I find my way into the carnival, and can't stand the loudness. all around me is a wall of sound. children, (where the fuck did children come from? i've always hated children) carnies, (small hands, smell like cabbage) creaking machines, and heavy laughter. not the lighthearted, "i'm-a-kid-and-don't-have-bills-to-pay,-oh-look-a-shiny-object!"kind of laughing, the kind of laughing that you force out to hold back tears of despair and the crushing weight of life.

HOLY Shit my day just took a massive turn. Hopefulness creeps up the backs of my legs as i pass THE charlie sheen. I put on my best fangirl smile and run up to him, hoping he's coked out to the point of sharing with a kind young lady...

He's so nice in person. He invites me to come hang out at the food vendors, apparently there's bootleg booze and coke behind it. Sounds like a rape-and-kill situation, but hey, how many chances do you get!

When we get there, i'm shocked. Pastor Dan, couple lines of coke.. wha-wha-whaaat???

Friday, January 14, 2011

4: Nothing is Forever

23 hours in this hell hole… I get out of the police station, and fall flat on my ass. damned ice. I've always hated the weather.

"I told you you'd end up in some shit. I'd have to save your ass and now your putting the entire family through all this crazyness-"
"Mom…" I begin, but am cut off quickly.
"Don't fucking 'mom' me. get your ass off the ground. The usual way. and literally."

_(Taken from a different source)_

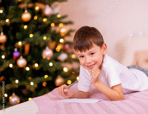 Charming boy with a mole on his cheek makes a wish and writes a letter to Santa Claus lying on the bed in his bedroom on New Year's holidays against the background of a shining Christmas tree
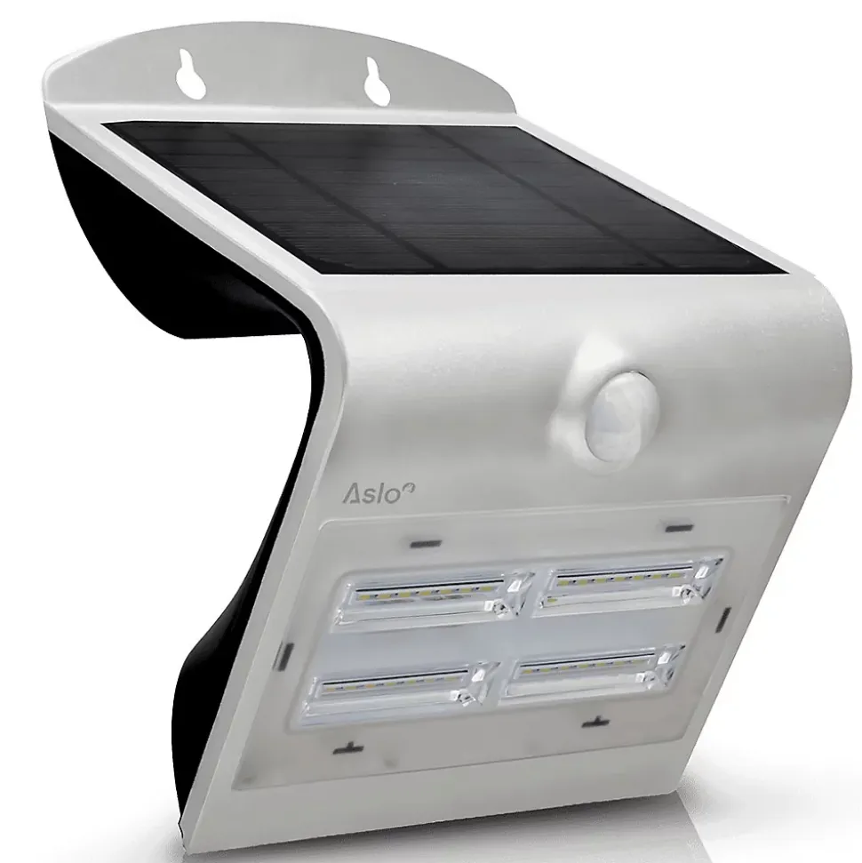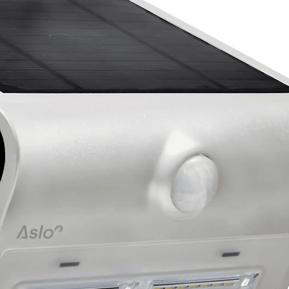 Le projecteur solaire à détecteur de mouvement ASLO offre un éclairage extérieur économique et intelligent. Il est conçu pour s’adapter à toutes les conditions météorologiques.Avec des modes d’éclairage intelligents et une batterie remplaçable, ce lampadaire solaire répond aux différents besoins d’éclairage extérieur : sécurité / décoratif. Choisissez l’efficacité énergétique et l’éclairage automatisé avec ce projecteur à panneau solaire polyvalent.Le spot solaire ASLO vous offre trois modes d’éclairage pour répondre à divers besoins :- Mode A (1 clic) : L’éclairage s’active automatiquement à la tombée de la nuit à 20 % d’intensité et s’éteint après 5 heures.- Mode B (2 clics) : L’éclairage s’active automatiquement à 100 % d’intensité (400 lm) lors de la détection d’un mouvement dans un rayon de – Mode C (3 clics) : L’éclairage s’active automatiquement à 100 % (400 lm) lors de la détection d’un mouvement dans un rayon de – 4 clics pour éteindreCaractéristiques : – Nombre de LED : Avant 28 / Arrière 2. – Puissance lampe : 3.2W. – Puissance panneau solaire : 2.3W.- Température de couleur : Avant : 6000K (blanc froid) / arrière : 3000K (blanc chaud).- Flux lumineux : 400 Lm. – Matière : Corps : ABS / Diffuseur : polycarbonate / Panneau solaire : Silicium monocristallin. – Batterie lithium 2 Ah – 3.7 V. – Détecteur de mouvements. – Angle de détection : 120°.- Distance de détection : 2-6m. – Hauteur détection : 4m.- Utilisation : extérieur. – Fixation saillie, sur mur. – Anti-UV. – Résistant au feu. – Indice de protection : IP65. – Classe d’isolation : III. – Normes CE/RoHS.- Dimensions : 14 x 10.9 x 21.2 cm. – Poids : 0.69 kg.<

My mother bailed me out of jail. That'd be nice but she wants to be paid back with interest. and knowing her there's at least three other alterior motives. Shit. Running out of money at home. I can't handle this stress. I bid my "mother dearest" farewell and ride the train back to watershed heights.

I still have 50$ on me from when i got arrested. I walk to the pharmacy. I pass some yuppie, Jaques Cartes, and his eyes cut me like daggers. disapproving of me, his sense of entitlement raging. As I walk, I contemplate my position. I don't really care about jail, or fines, or lawyers, or anything... When I really think about it, I'm afraid of being on probation. Being trapped inside the law, with no escape. A raven tied to a brick labeled "reality." And clipped wings. I make my purchase. And steel myself against the truth. That this isn't forever.